UPDATE: DEFRA WET WOOD AND HOUSE COAL BAN
Plans to phase out sales of the most polluting solid fuels, namely house coal and wet wood, have been confirmed as part of a drive to reduce the pollutants known as PM2.5, which can penetrate deep into the lungs and blood and cause health problems.
As many of you have written to us about what this means for your own fuel supplies, we have written answers to the most common questions here:
What does the DEFRA ban say?
DEFRA finalised their decision on 21 February 2020 that sales of bagged traditional house coal and wet wood in units under 2m3 will be phased out by February 2021, as well as the sale of loose coal direct to customers via approved coal merchants by February 2023. Units of firewood over 2m3 will have special guidelines applied at the point of sale. Full details of the consultation can be read here.
What does DEFRA mean by “wet wood” and does this affect Luxury Wood’s products?
DEFRA defines “Wet Wood” as firewood with a moisture content of 20% or more. Luxury Wood has always and only sold kiln dried firewood with a moisture content of below 20% (commonly as low as 12-16%) so our firewood products are not affected by the ban.
What about the heat logs and pellets I buy from Luxury Wood?
Our heat logs and wood pellets are under 10% moisture as standard, so they are not affected by the ban.
Can I still buy house coal from Luxury Wood?

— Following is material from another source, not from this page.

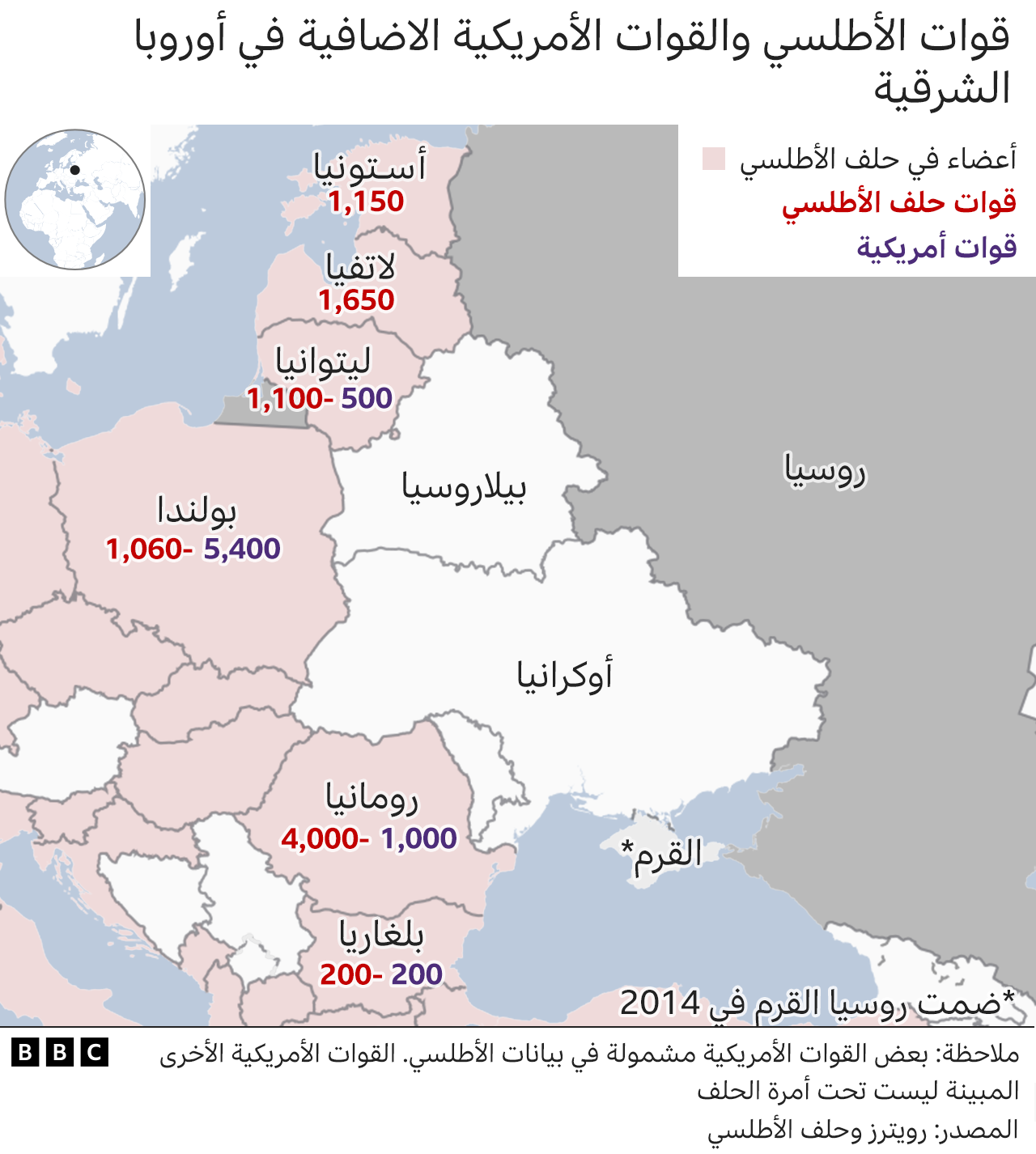 وألقى الرئيس بوتين باللوم جزئيا على قراره بالهجوم على توسع الناتو شرقا. وكان قد اشتكى في وقت سابق من أن روسيا "ليس لديها مكان آخر تتراجع إليه - هل يعتقدون أننا سنبقى مكتوفي الأيدي؟"وقال نائب وزير الخارجية سيرجي ريابكوف: "بالنسبة إلينا، من الإلزامي تماما التأكد من أن أوكرانيا لن تصبح أبدا عضوا في الناتو".مطالب بوتين الأساسية الأخرى هي أن لا ينشر الناتو "أسلحة هجومية بالقرب من حدود روسيا"، وأن يزيل القوات والبنية التحتية العسكرية من الدول الأعضاء التي انضمت إلى الحلف منذ عام 1997.وهذا يعني أوروبا الوسطى وأوروبا الشرقية ودول البلطيق. في الواقع، تريد روسيا أن يعود الناتو إلى حدود ما قبل عام 1997.

No. We phased at sales of house coal in 2018 in anticipation of the new regulations.
Why the emphasis on burning dry wood all of a sudden?
It has been known for a long time that dry wood fuels produce much less pollution than wet firewood and house coal. In addition, wet wood produces less heat so it is not economical to burn. Current estimates are that kiln dried wood produces up to double the amount of heat that wetter wood can provide.
In addition, smoke produced by burning low quality fuels can severely damage stoves and flue pipes, increasing the risk of chimney fires. The primary concern of DEFRA and the UK government however, is dispersion of PM2.5 particles, which are a known carcinogen.
Recent government guidance suggests that wet or poorly seasoned wood releases four times the amount of PM2.5 particles that firewood under 20% moisture releases.